Они одновременно увидели целое семейство белых, но ни Силин, ни Кира не бросились снимать грибы. Они смотрели друг на друга. Казалось, Кира чего-то ждала. Где-то далеко подряд, дуплетом, хлопнули выстрелы, и Силин опомнился первым.
— Сержант шурует, — сказал он. — Бери, твоя находка.
Кира не двинулась. Они стояли друг против друга, и Силин почувствовал, что сейчас что-то должно произойти.
— Ты позвал меня в лес за грибами? — спокойно спросила Кира.
— Да, разумеется. Отличная будет жареха. И посушить можно.
— Не надо, Володя, — сказала Кира. — Ты же все прекрасно знаешь… Знаешь ведь? Зачем же тогда все так…
…Лес и девушка в лесу. Ее лицо почти рядом. И снова ощущение, как во сне, когда летишь и чуть кружится голова. И еще — тишина, и пахнет прелым листом, хвоей, грибной плесенью — полузабытыми запахами детства, такими спокойными, что даже не верится, что они сохранились после такой войны.
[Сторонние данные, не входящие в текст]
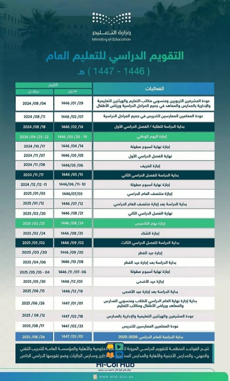 بهذا الشكل، يمثل التقويم الدراسي 1447 خارطة طريق شاملة تساعد جميع أطراف العملية التعليمية في المملكة العربية السعودية على تنظيم عام دراسي مثمر ومليء بالإنجازات. من خلال فهم المواعيد الرئيسية والإرشادات الهامة، يمكن للطلاب وأولياء الأمور والمعلمين الاستعداد الأمثل لعام دراسي ناجح ومثمر.

Но это ощущение продолжалось недолго; Силин смахнул с себя его колдовство. Будь что будет. Он мужик, а не тряпка. К чертовой матери лысенького доцента. Про Кирку — все правда; он видел, как она напряжена сейчас, и надо быть идиотом, чтобы искать в жизни что-то другое. Иначе будешь таким же одиноким, как этот сержант. Она тебя любит, какого же еще рожна… Силин протянул руку, и Кира положила на нее свою.
…Ее лицо почти рядом, тревожное и счастливое, и глаза закрыты. Потом они медленно, очень медленно открываются. В них можно утонуть. У нее мягкие губы, когда она легко дотрагивается до его губ.
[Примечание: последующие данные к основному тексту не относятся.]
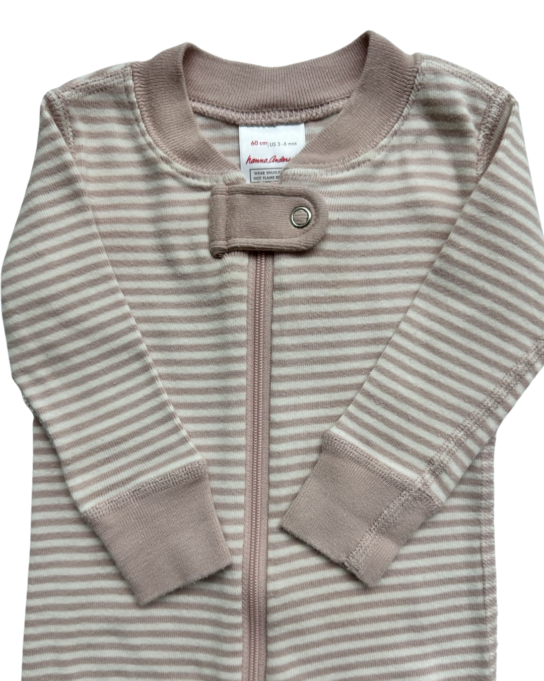 3-6M Baby Girl Hanna Andersson Dusty Rose Striped Zippered Sleeper PJs

— Ну вот и все, — говорит она.
Силин долго смотрит в небо, пробивающееся через желтеющую листву. Чувство покоя так сильно, что он невольно, по старому, выработанному годами недоверию к покою, прислушивается к лесной тишине.
— Ничего не все, Кирка. Это только самое начало, глупенькая.
И снова она касается его губами, и вдруг плачет, плачет — так неожиданно, так счастливо плачет, уткнув лицо ему в грудь, в старую гимнастерку, и охватывая его руками…
На станцию они вернулись уже к вечернему поезду. Еще издали Силин увидел сержанта, тот сидел согнувшись на обломке кирпичной стены, курил и глядел себе под ноги. Когда Силин окликнул его, сержант поднял голову.
— А, это ты, старшой! Я думал, вы уже давно уехали.
— Как успехи? — спросил Силин. Он кивнул на вещмешок. — Не продашь утятинки? Я слышал — ты два раза стрелял.
У сержанта было измученное лицо.
— По радио передавали — американцы на Японию какую-то атомную бомбу сбросили, — сказал он, показав пальцем на репродуктор, висящий на полуразрушенном здании станции.
— Ну и пусть, — сказал Силин. — Так как насчет утятинки, сержант?
— Нету утятины, старшой. На вот, возьми себе. Просто так.
Он взял ружье и протянул Силину.
— Да ты что, сержант?
— Возьми, старшой, — тихо сказал сержант. — Я по пустой консервной банке палил. Не могу я больше убивать…
Он сунул ему в руки свой «зауэр» и, закинув мешок за спину, ушел. Так, с ружьем и двумя корзинами, Силин и пришел в школьный флигелек.
Анна Петровна была дома и что-то шила, придвинув лампу. Кира вошла первой, и Анна Петровна, отложив шитье, потянулась к корзинам: ну, как у вас, какой улов? Кира остановила ее. Она взяла мать за плечи и повернула ее к Силину.
— Это мой муж, мама.
— Да, да, — сказала Анна Петровна, часто-часто кивая. — Да, да, конечно…
— Все будет хорошо, мама.
— Да, да, конечно, все будет хорошо… Вы, наверное, устали, я сейчас…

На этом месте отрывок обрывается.